In Spong’s reading of the Gospel of John, it is designed to be a mystical text as opposed to a literal text. The Jesus Seminar determined that none of the sayings attributed to Jesus in John go back to an historical person. The sayings of Jesus, the signs and miracles, and the events are all metaphorical and symbolic.

The stories about Jesus are as Spong calls them, tales of a Jewish Mystic. These tales invite us to interact with the spiritual message that is presented. We are invited to enter into this world created by the Gospel of John, in which Jesus is all of the following and more, the shepherd, the vine, the living water, the bread, the lamb, the door, the way, the truth, the life, the son, the Human One, and on we can go.

The focus is to connect with this mystical Jesus. When I say created by the Gospel of John, I don’t mean that the author consciously made stuff up. It is more like Mohammad who received revelations. It is trying to tell someone about an important experience, a spiritual experience, and how do you do it? How do you tell about your encounter with the Divine?

You might say something like this:



“Jesus explained to them, ‘I am the bread of life. Anyone who comes to me will never be hungry again, and anyone who believes in me will never again be thirsty.’”

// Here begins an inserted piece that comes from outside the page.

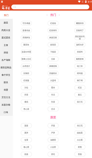 3、查看app提供的菜谱分类标签,选择对应的标签也可以快速找到菜谱;

The question is this. Have you done it? Have you come to Jesus, the bread of life?

The institutions, the various churches, have made this into religion and ritual and belief and orthodox creed and authoritative sacrament and what have you. The churches are not wrong to do that. It keeps the story and the invitation in front of us.

But it is only a beginning. At the end it is up to us to come to Jesus or not. It is up to us to enter this mystical world, to eat and drink this Bread of Life. It is up to us whether or not somehow in some way the Gospel of John is talking about something real. Not something you think you are supposed to believe, but something real. Is there truth here? Is there something for me? Is there something for our world that is real and true in this very strange, very old, very odd Gospel—in these tales of the Mystic Jesus.

Well, every question is ours to answer, because the Gospel is written for those who read it or hear it.

Here is what scholars call the original ending of John, chapter 20 verses 30 and 31.

“Although Jesus performed many more signs for his disciples to see that could. Be written down in this book, these are written down so you will come to believe that Jesus is the Anointed One, the son of God—and by believing this have life in his name.”

There is the purpose of the book, although it raises more questions because we have to unpack even more metaphors, “Anointed one, son of God, believing, life” what is all that? What is this mystical bewilderment?

But, nonetheless, it still comes back to this: Have you come to Jesus? Do you want to?

Here is a poem from a little book I picked up in seminary 26 years ago, called Our Daily Rice: Asian Poems on Freedom and Justice. It is a collection of Christian poetry from all over east and southeast Asia. This one is called God Comes to Me by someone named Jaini Bi from India.

God Comes to Me

Every noon at twelve
In the blazing heat
God comes to me
In the form of
Two hundred grams of gruel.

I know Him in every grain
I taste Him in every ick.
I commune with Him as I gulp
For He keeps me alive, with
Two hundred grams of gruel.

I wait till next day noon
And now know he’d come;
I can hope to live one day more
For you made God come to me as
Two hundred grams of gruel.

I know now that God loves me—
Not until you made it possible.
Now I know why you’re speaking about
For God so loves this world
That He gives his beloved Son
Every noon through YOU.

I should add to the question, “Have you come to Jesus?” with “Has Jesus come to you?”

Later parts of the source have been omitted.